11. The IoT environment of claim 10, wherein the user device validates the outcome of implementing the one or more recommendations within the production process, by:

configuring the process simulation model based on the one or more recommendations;

generating one or more process simulation instances based on the configured process simulation model;

executing the one or more process simulation instances in the simulation environment to generate one or more further simulation results; and

analyzing the one or more further simulation results to determine whether the one or more bottlenecks in the production process are overcome by implementing the one or more recommendations in the production process, wherein the one or more recommendations are validated if the one or more bottlenecks are overcome.

12. The IoT environment of claim 1, wherein the user device is further configured to:

ingest an outcome of the one or more simulations to the cloud computing system.

13. The IoT environment of claim 1, wherein the cloud computing system is further configured to:

analyze the outcome of the one or more simulations received from the user device to determine at least one insight corresponding to the industrial plant; and

provide a notification indicative of the at least one insight on a user interface.

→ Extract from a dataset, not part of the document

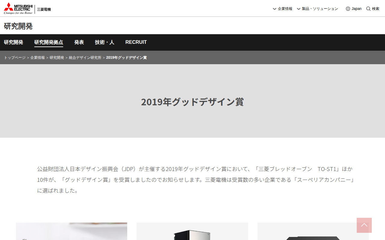 2019年グッドデザイン賞 | 統合デザイン研究所 | 研究開発 | 企業情報 | 三菱電機
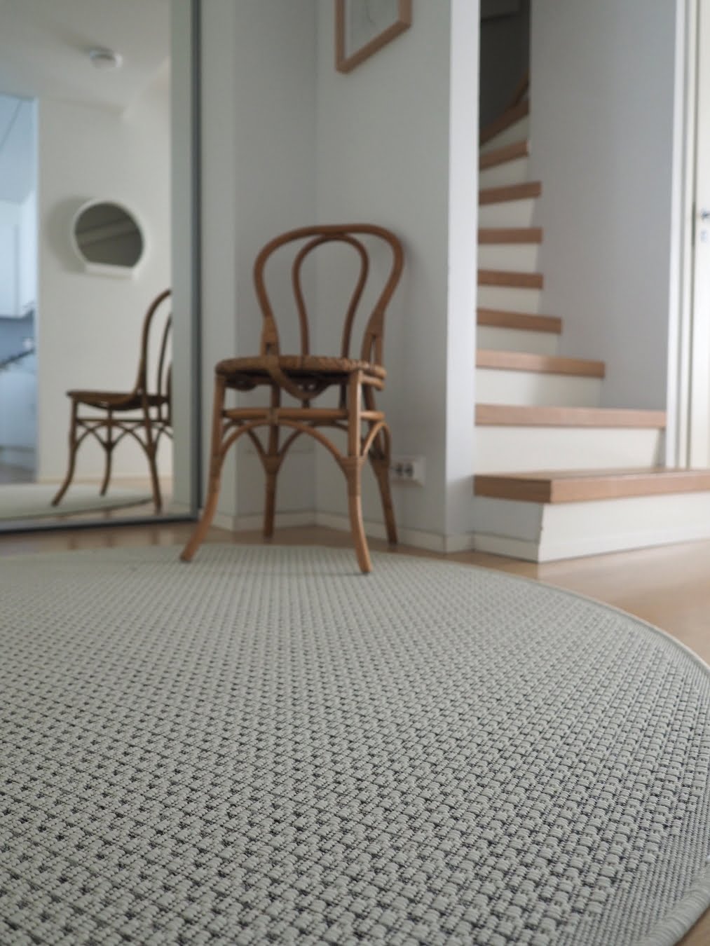 Muistatko, kun kerroin muutama viikko sitten ihastuneeni pyöreään villamattoon ja sen moniin hyviin ominaisuuksiin? Hyvästä kokemuksesta innostuneena päätin kokeilla pyöreää mattoa myös eteiseen. Ja arvaa mitä! Pyöreä matto istuu eteiseen kuin nenä päähän. Kulmikas, epäsymmetrinen tila tuntuu selkeämmältä, avarammalta ja pehmeämmältä.

14. A cloud-implemented method for performing closed loop simulations in an IoT environment, the method comprising:

receiving, by a cloud computing system IoT data associated with at least one asset of at least one industrial plant, in real-time, from at least one source communicatively coupled to the cloud computing system;

configuring a digital twin corresponding to at least one of the asset and a production process associated with the industrial plant based on the IoT data received;

generating at least one data package based on the configured digital twin upon receiving a request for accessing the digital twin from a user device communicatively coupled to the cloud computing system; and

transmitting the at least one data package to the user device, for enabling the user device to perform one or more simulations based on the data package.

15. The method of claim 14, further comprising:

analyzing an outcome of the one or more simulations received from the user device to determine at least one insight corresponding to the industrial plant; and providing a notification indicative of the at least one insight on a user interface.